A system of ordinary differential equations.

Fields

• eqs

  The ODEs defining the system.

• iv

  Independent variable.

• states

  Dependent (state) variables.

• ps

  Parameter variables.

• pins

• observed

• tgrad

  Time-derivative matrix. Note: this field will not be defined until calculate_tgrad is called on the system.

• jac

  Jacobian matrix. Note: this field will not be defined until calculate_jacobian is called on the system.

• Wfact

  Wfact matrix. Note: this field will not be defined until generate_factorized_W is called on the system.

• Wfact_t

  Wfact_t matrix. Note: this field will not be defined until generate_factorized_W is called on the system.

• name

  Name: the name of the system

• systems

  systems: The internal systems

• default_u0

  default_u0: The default initial conditions to use when initial conditions are not supplied in ODEProblem.

• default_p

  default_p: The default parameters to use when parameters are not supplied in ODEProblem.

Example

using ModelingToolkit

@parameters t σ ρ β
@variables x(t) y(t) z(t)
D = Differential(t)

eqs = [D(x) ~ σ*(y-x),
       D(y) ~ x*(ρ-z)-y,
       D(z) ~ x*y - β*z]

de = ODESystem(eqs,t,[x,y,z],[σ,ρ,β])

ode_order_lowering(sys::ODESystem) -> ODESystem

Takes a Nth order ODESystem and returns a new ODESystem written in first order form by defining new variables which represent the N-1 derivatives.

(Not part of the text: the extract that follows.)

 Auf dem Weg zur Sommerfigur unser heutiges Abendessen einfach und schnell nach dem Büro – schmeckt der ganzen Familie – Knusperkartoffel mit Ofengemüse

liouville_transform(sys::Any) -> ODESystem

Generates the Liouville transformed set of ODEs, which is the original ODE system with a new variable trJ appended, corresponding to the -tr(Jacobian). This variable is used for properties like uncertainty propagation from a given initial distribution density.

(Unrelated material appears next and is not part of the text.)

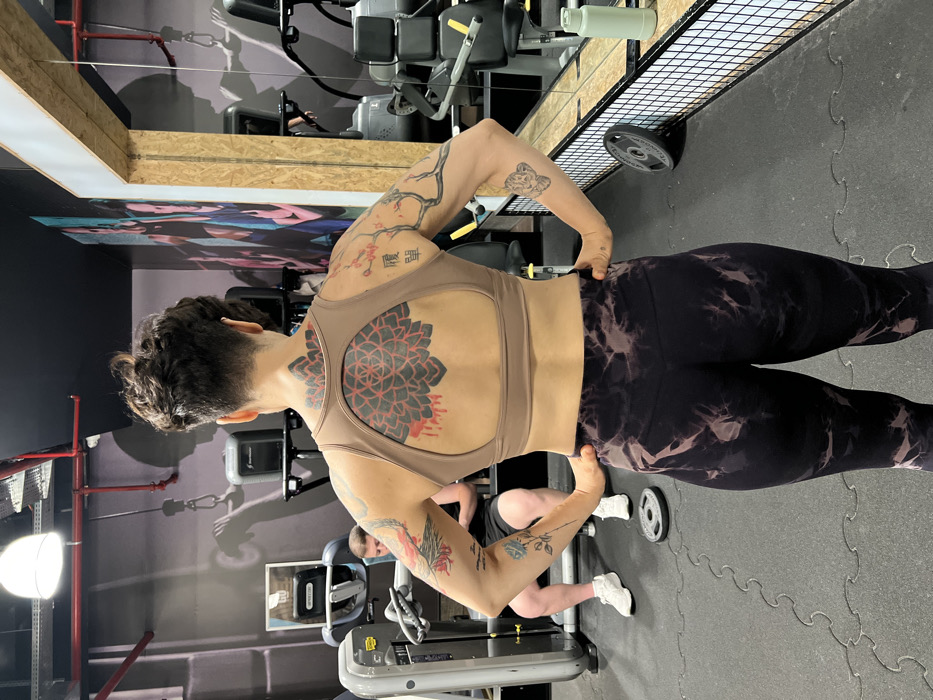The image displays the interior of a gym in Tel Aviv, Israel. In the foreground, a person with short, dark, undercut hair stands with their back to the camera, hands placed on their hips. They wear a light brown sports bra revealing a large black and red geometric tattoo with red drip elements on their upper back. Their left arm features tattoos including a stylized red and black bird, a blue rose with a stem, and black script. Their right arm shows a cherry blossom branch, two Japanese characters, and a small animal head on the bicep. They are wearing dark purple and black tie-dye leggings. In the mid-ground to the left, a male in a dark top, shorts, and white sneakers sits on a gray and yellow leg exercise machine, facing away from the camera. A black Olympic weight plate rests on the dark gray interlocking rubber mat flooring nearby. The gym walls are dark gray with large monochromatic murals depicting figures and equipment. The ceiling is an exposed industrial style with red pipes and white cone-shaped light fixtures. A large, wooden-framed mirror on the right reflects parts of the gym and a green water bottle on a black mesh shelf beneath it. Another black Olympic weight plate is visible near the base of the mirror.

For example, if $u'=p*u$ and p follows a probability distribution $f(p)$, then the probability density of a future value with a given choice of $p$ is computed by setting the inital trJ = f(p), and the final value of trJ is the probability of $u(t)$.

Example:

using ModelingToolkit, OrdinaryDiffEq, Test

@parameters t α β γ δ
@variables x(t) y(t)
D = Differential(t)

eqs = [D(x) ~ α*x - β*x*y,
       D(y) ~ -δ*y + γ*x*y]

sys = ODESystem(eqs)
sys2 = liouville_transform(sys)
@variables trJ

u0 = [x => 1.0,
      y => 1.0,
      trJ => 1.0]

prob = ODEProblem(sys2,u0,tspan,p)
sol = solve(prob,Tsit5())

Where sol[3,:] is the evolution of trJ over time.

Sources:

Probabilistic Robustness Analysis of F-16 Controller Performance: An Optimal Transport Approach

Abhishek Halder, Kooktae Lee, and Raktim Bhattacharya https://abhishekhalder.bitbucket.io/F16ACC2013Final.pdf

function DiffEqBase.ODEFunction{iip}(sys::AbstractODESystem, dvs = states(sys),
                                     ps = parameters(sys);
                                     version = nothing, tgrad=false,
                                     jac = false,
                                     sparse = false,
                                     kwargs...) where {iip}

Create an ODEFunction from the ODESystem. The arguments dvs and ps are used to set the order of the dependent variable and parameter vectors, respectively.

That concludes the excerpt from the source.